*BRIEF:*
The required output is the lines of the listing from the beginning through the line containing "et pêchers |", each copied exactly, without any pictures.

*DATA FOR PROCESSING:*
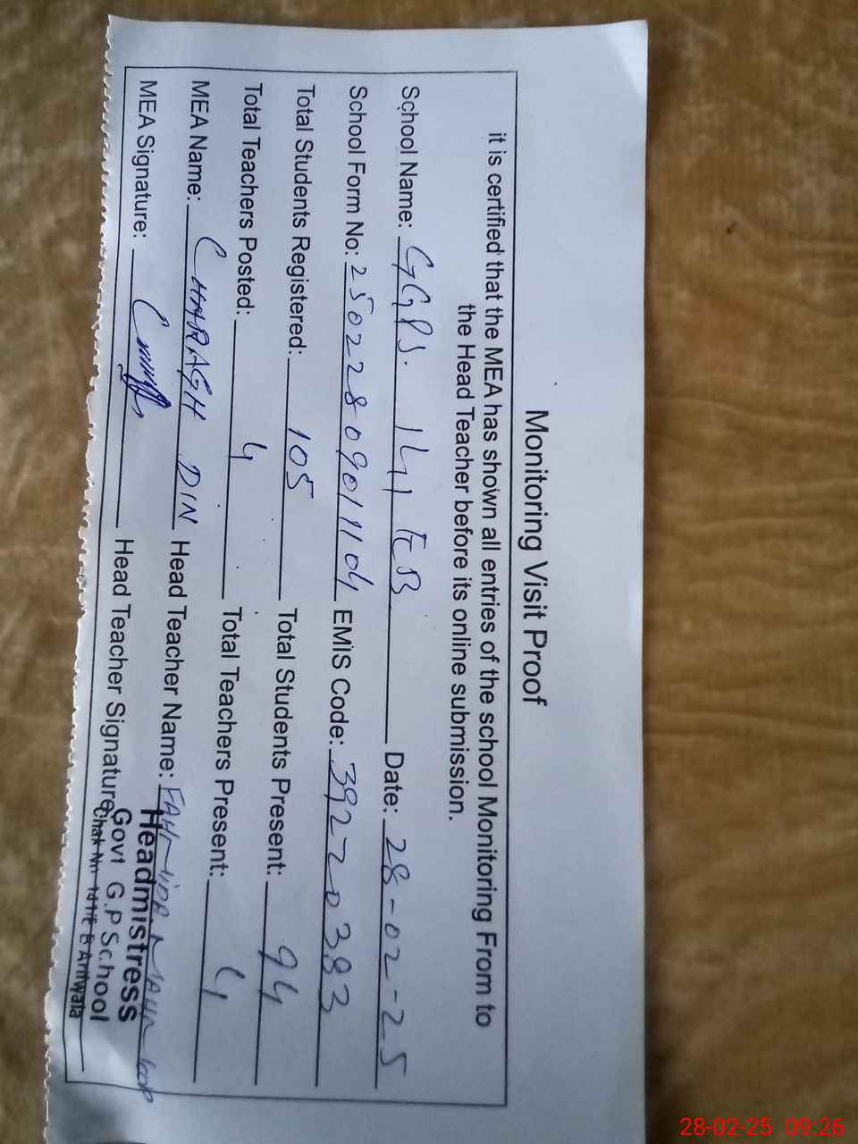 | Attendance Register | Head Teacher | MEA with School | Visit Proof |
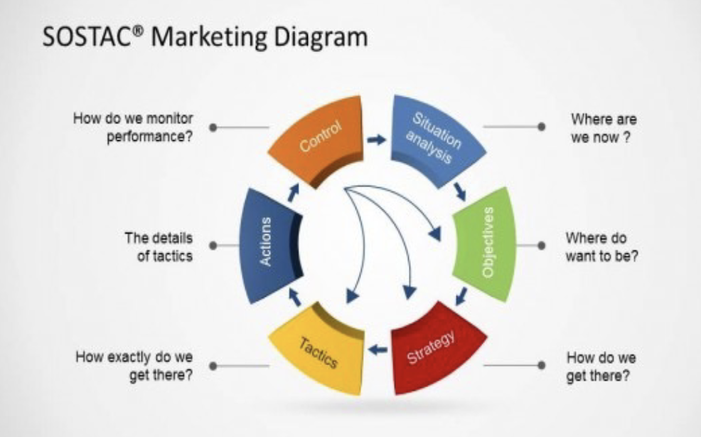 Forklar den digitale strategiske process ved hjælp af SOSTAC Marketing Diagram og hvad den bruges til
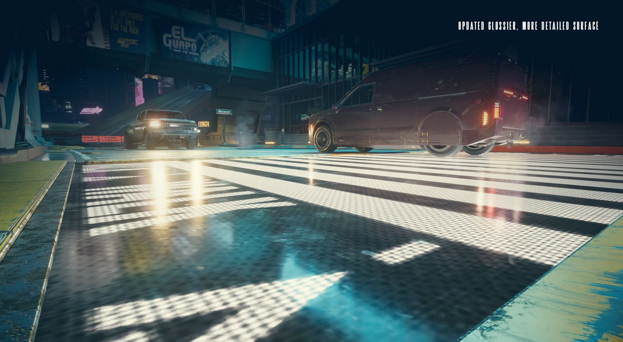 – There is a subtle texture seam visible in the centre of crosswalks, that no matter what I do in Wolvenkit, will not go away. I have a feeling its an actual mesh problem that is being extra-highlighted by the added resolution and emissive textures. I will try and figure out how to eliminate it, if anyone has any knowledge to share, it would be appreciated
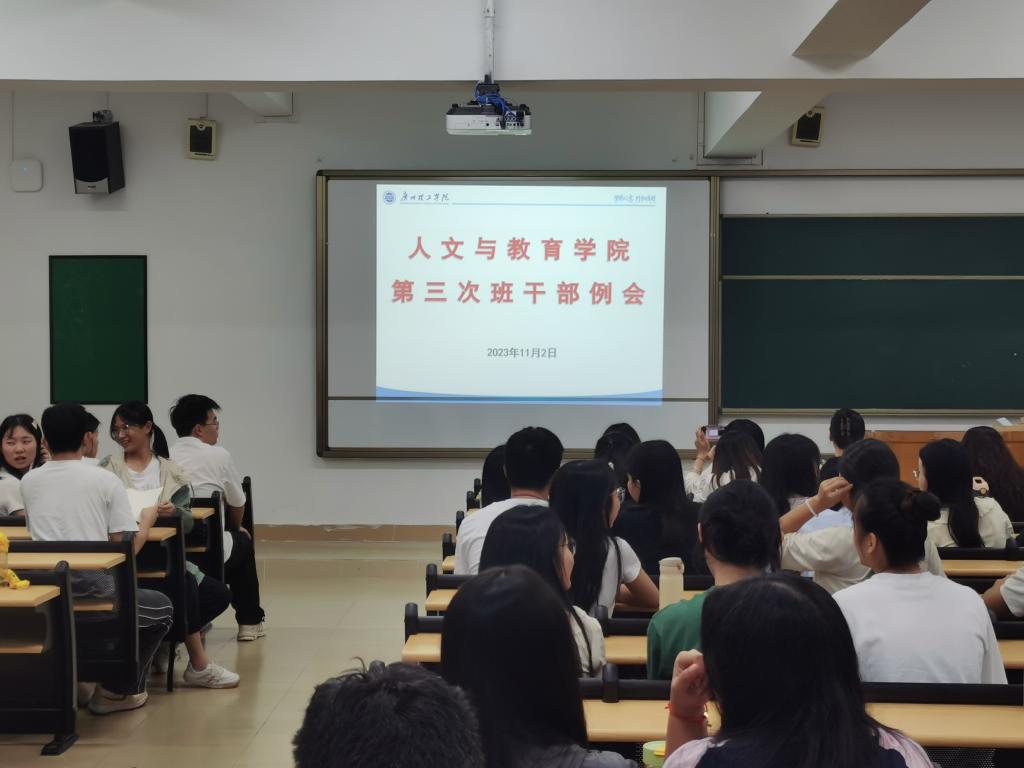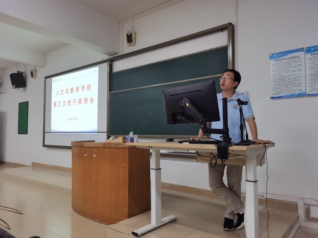 2023年11月2日,为推动公司“三全育人素质教育周”工作顺利进行,伟德国际victor1946于20时30分在7栋418教室举行“三全素质周”工作布置会,会议由陈新喜老师主持,全体辅导员及各班班长、纪委和学委参加。
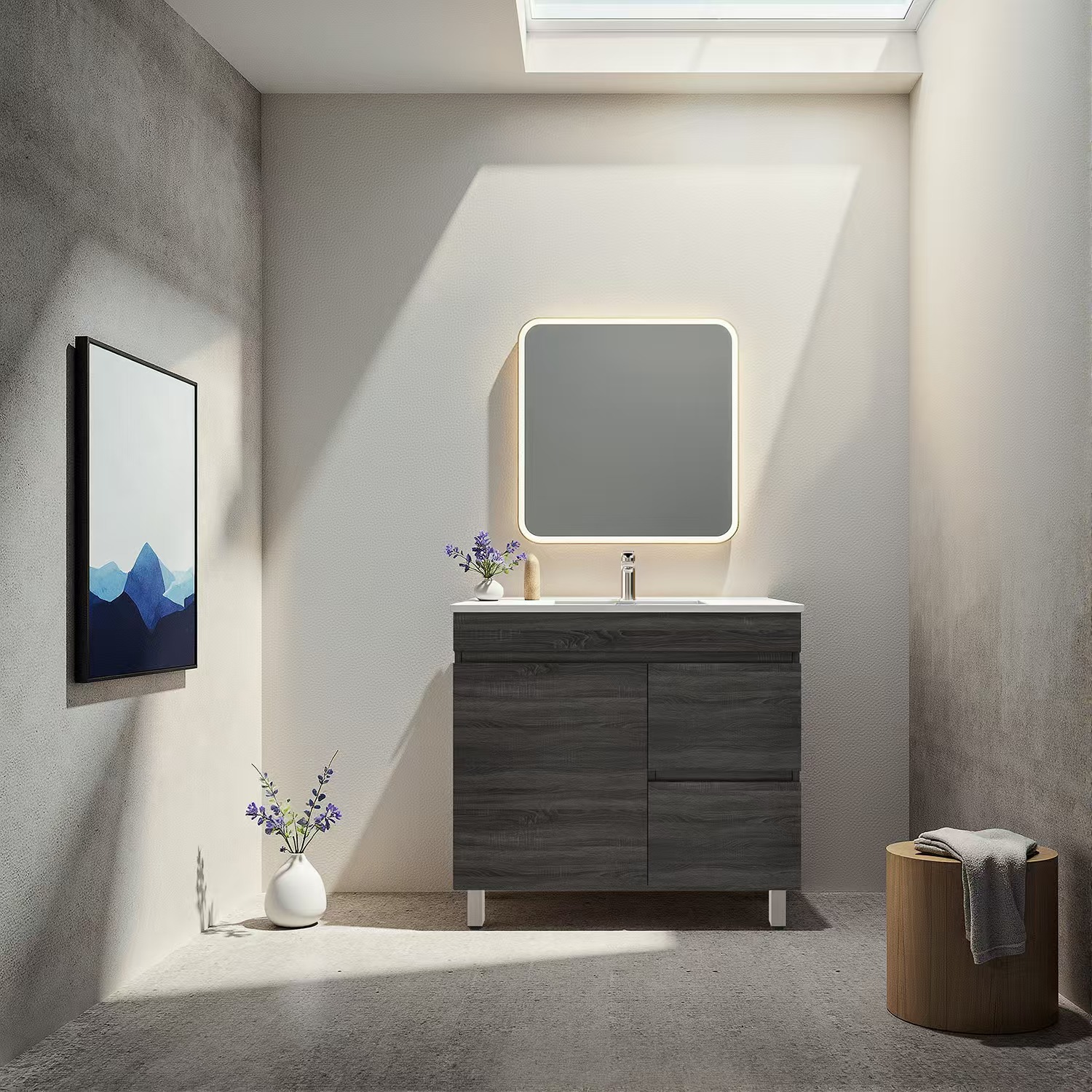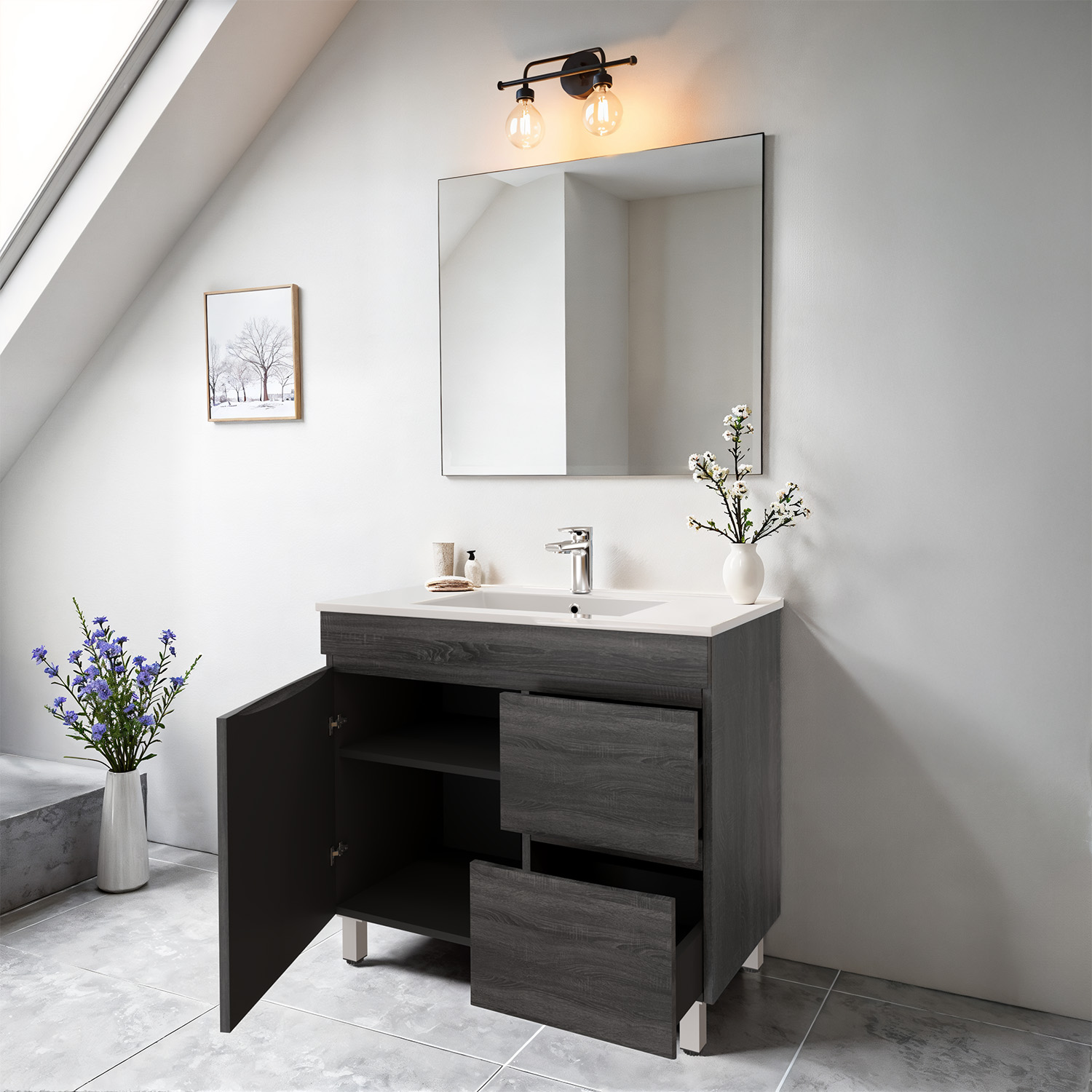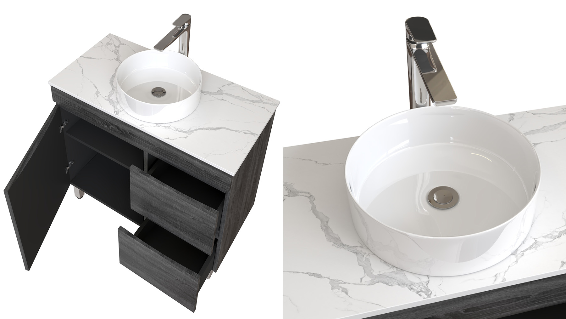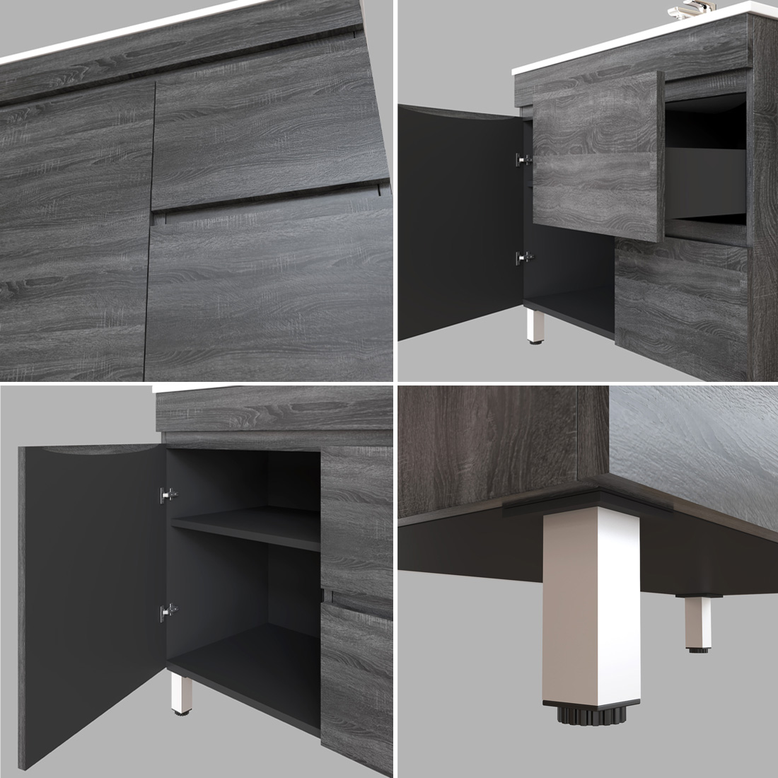 900mm Dark Grey MDF Bathroom Vanity Right Drawers Free Standing Cabinet Only
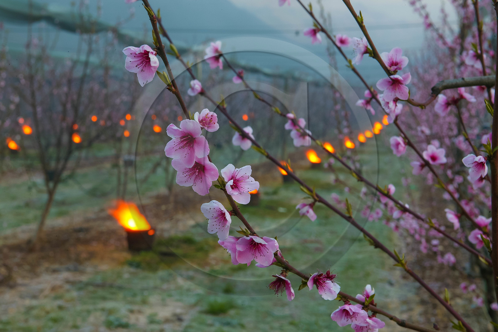 | Description | Hautes-Alpes (05), Vallée de la Durance, arboriculture, verger, chaufferettes à gazole pour la protection des fleurs du gel des pommiers et pêchers |
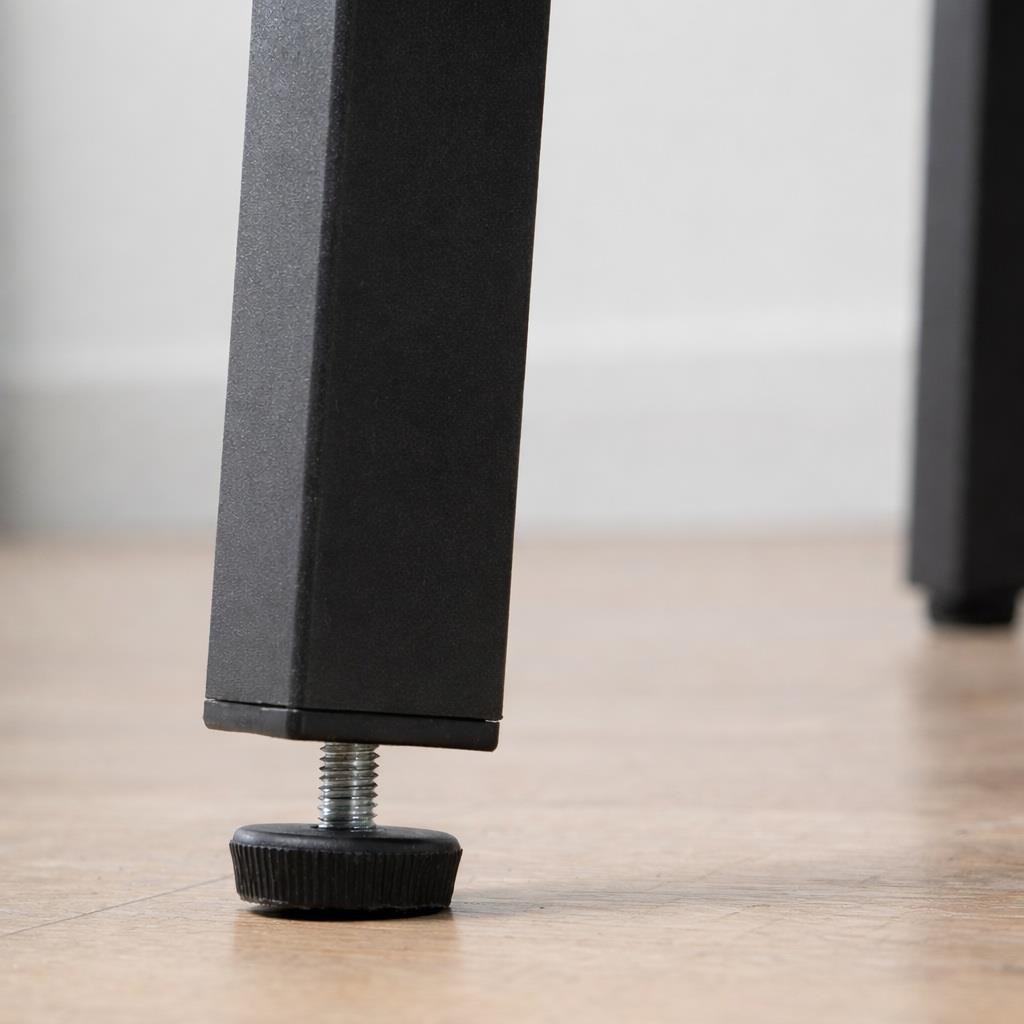 Die robuste Konstruktion aus beschichteter Spanplatte und stabilen, schwarz lackierten Stahlbeinen garantiert eine hohe Belastbarkeit und Langlebigkeit im täglichen Einsatz. Zusätzlich sorgen rutschfeste Fußpads für sicheren Stand und schützen empfindliche Böden zuverlässig vor Kratzern.
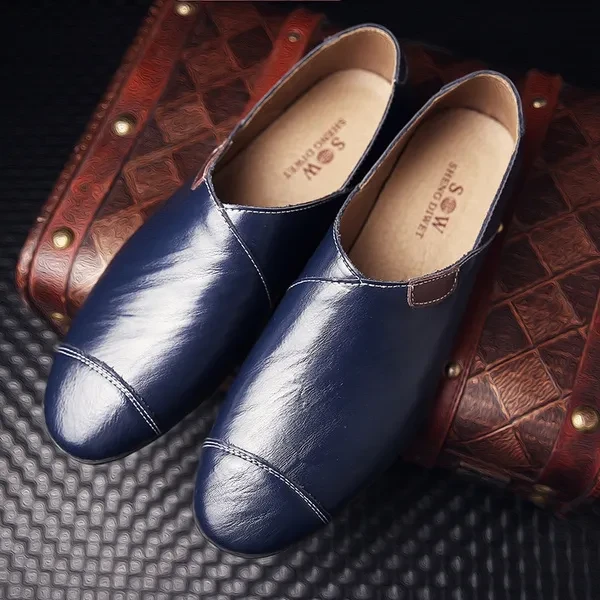 Shoe material: cowhide Sole material: Rubber Style: Leisure Function: antiskid, breathable Color: black, brown, blue Size: 37,38,39,40,41,42,43,44,45,46,47,

*TASK ANSWER:*
 | Attendance Register | Head Teacher | MEA with School | Visit Proof |
 Forklar den digitale strategiske process ved hjælp af SOSTAC Marketing Diagram og hvad den bruges til
 – There is a subtle texture seam visible in the centre of crosswalks, that no matter what I do in Wolvenkit, will not go away. I have a feeling its an actual mesh problem that is being extra-highlighted by the added resolution and emissive textures. I will try and figure out how to eliminate it, if anyone has any knowledge to share, it would be appreciated
 2023年11月2日,为推动公司“三全育人素质教育周”工作顺利进行,伟德国际victor1946于20时30分在7栋418教室举行“三全素质周”工作布置会,会议由陈新喜老师主持,全体辅导员及各班班长、纪委和学委参加。
 900mm Dark Grey MDF Bathroom Vanity Right Drawers Free Standing Cabinet Only
 | Description | Hautes-Alpes (05), Vallée de la Durance, arboriculture, verger, chaufferettes à gazole pour la protection des fleurs du gel des pommiers et pêchers |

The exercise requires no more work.